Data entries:

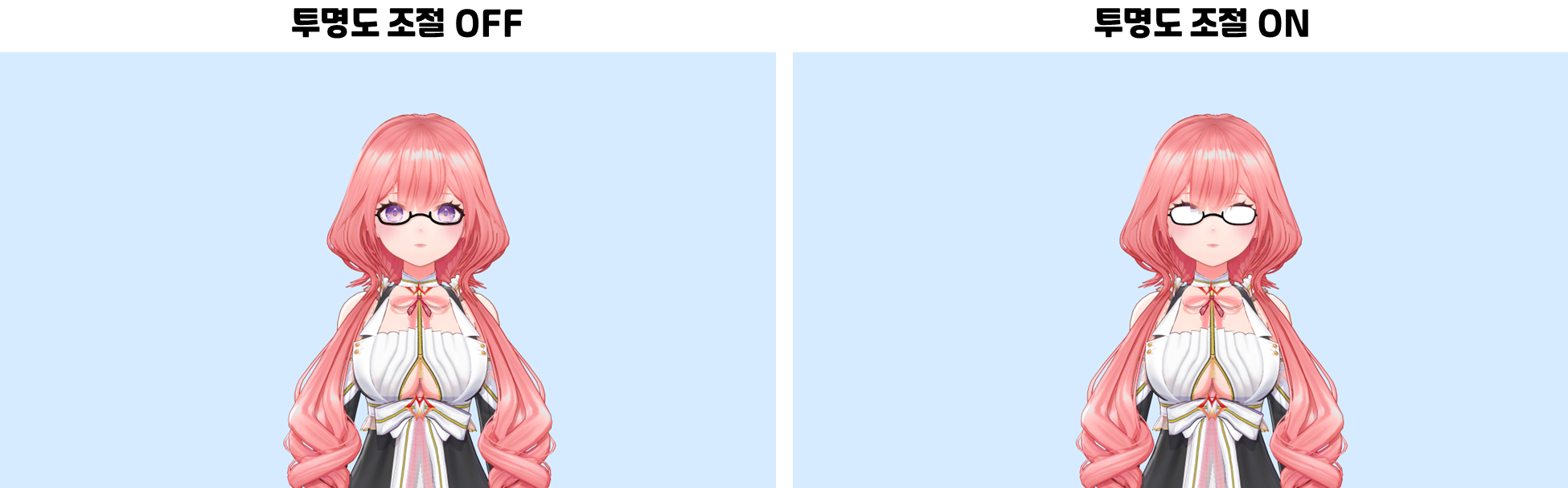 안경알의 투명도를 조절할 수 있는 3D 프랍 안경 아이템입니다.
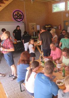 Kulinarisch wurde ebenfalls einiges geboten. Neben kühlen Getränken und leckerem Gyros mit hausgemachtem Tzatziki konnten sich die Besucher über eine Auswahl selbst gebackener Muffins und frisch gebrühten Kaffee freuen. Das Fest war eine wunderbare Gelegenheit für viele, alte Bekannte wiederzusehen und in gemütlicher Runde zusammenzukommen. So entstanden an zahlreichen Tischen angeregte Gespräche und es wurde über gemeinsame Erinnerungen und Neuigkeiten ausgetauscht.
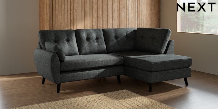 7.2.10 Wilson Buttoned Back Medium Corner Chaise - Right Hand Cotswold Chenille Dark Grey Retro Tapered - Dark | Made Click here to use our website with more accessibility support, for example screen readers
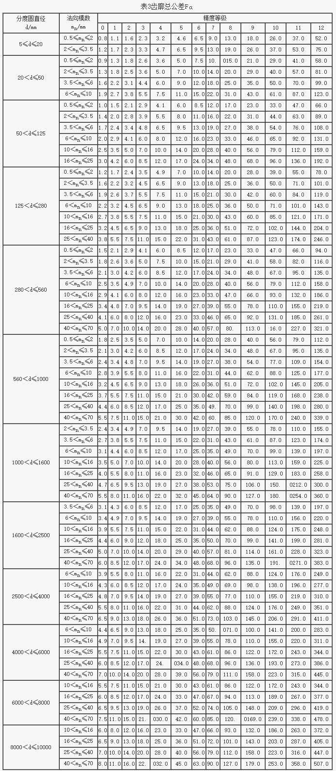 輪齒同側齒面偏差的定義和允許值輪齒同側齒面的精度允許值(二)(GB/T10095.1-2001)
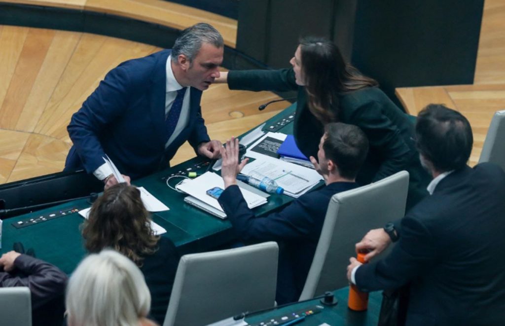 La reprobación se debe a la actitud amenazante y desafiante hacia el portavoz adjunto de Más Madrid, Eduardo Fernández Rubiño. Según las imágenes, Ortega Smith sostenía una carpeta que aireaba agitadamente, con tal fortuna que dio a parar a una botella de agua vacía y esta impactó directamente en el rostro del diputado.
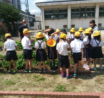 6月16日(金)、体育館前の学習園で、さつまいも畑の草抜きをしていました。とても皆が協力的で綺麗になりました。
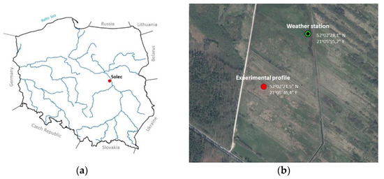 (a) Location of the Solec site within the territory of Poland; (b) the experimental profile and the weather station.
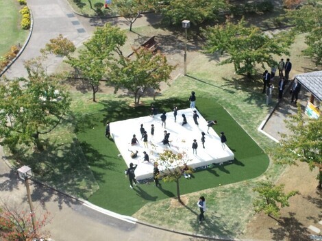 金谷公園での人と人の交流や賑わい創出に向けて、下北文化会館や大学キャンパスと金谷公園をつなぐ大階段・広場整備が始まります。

## Your objective
What is needed is the data above, retyped exactly, with every picture left out.

## Expected answer
 안경알의 투명도를 조절할 수 있는 3D 프랍 안경 아이템입니다.
 Kulinarisch wurde ebenfalls einiges geboten. Neben kühlen Getränken und leckerem Gyros mit hausgemachtem Tzatziki konnten sich die Besucher über eine Auswahl selbst gebackener Muffins und frisch gebrühten Kaffee freuen. Das Fest war eine wunderbare Gelegenheit für viele, alte Bekannte wiederzusehen und in gemütlicher Runde zusammenzukommen. So entstanden an zahlreichen Tischen angeregte Gespräche und es wurde über gemeinsame Erinnerungen und Neuigkeiten ausgetauscht.
 7.2.10 Wilson Buttoned Back Medium Corner Chaise - Right Hand Cotswold Chenille Dark Grey Retro Tapered - Dark | Made Click here to use our website with more accessibility support, for example screen readers
 輪齒同側齒面偏差的定義和允許值輪齒同側齒面的精度允許值(二)(GB/T10095.1-2001)
 La reprobación se debe a la actitud amenazante y desafiante hacia el portavoz adjunto de Más Madrid, Eduardo Fernández Rubiño. Según las imágenes, Ortega Smith sostenía una carpeta que aireaba agitadamente, con tal fortuna que dio a parar a una botella de agua vacía y esta impactó directamente en el rostro del diputado.
 6月16日(金)、体育館前の学習園で、さつまいも畑の草抜きをしていました。とても皆が協力的で綺麗になりました。
 (a) Location of the Solec site within the territory of Poland; (b) the experimental profile and the weather station.
 金谷公園での人と人の交流や賑わい創出に向けて、下北文化会館や大学キャンパスと金谷公園をつなぐ大階段・広場整備が始まります。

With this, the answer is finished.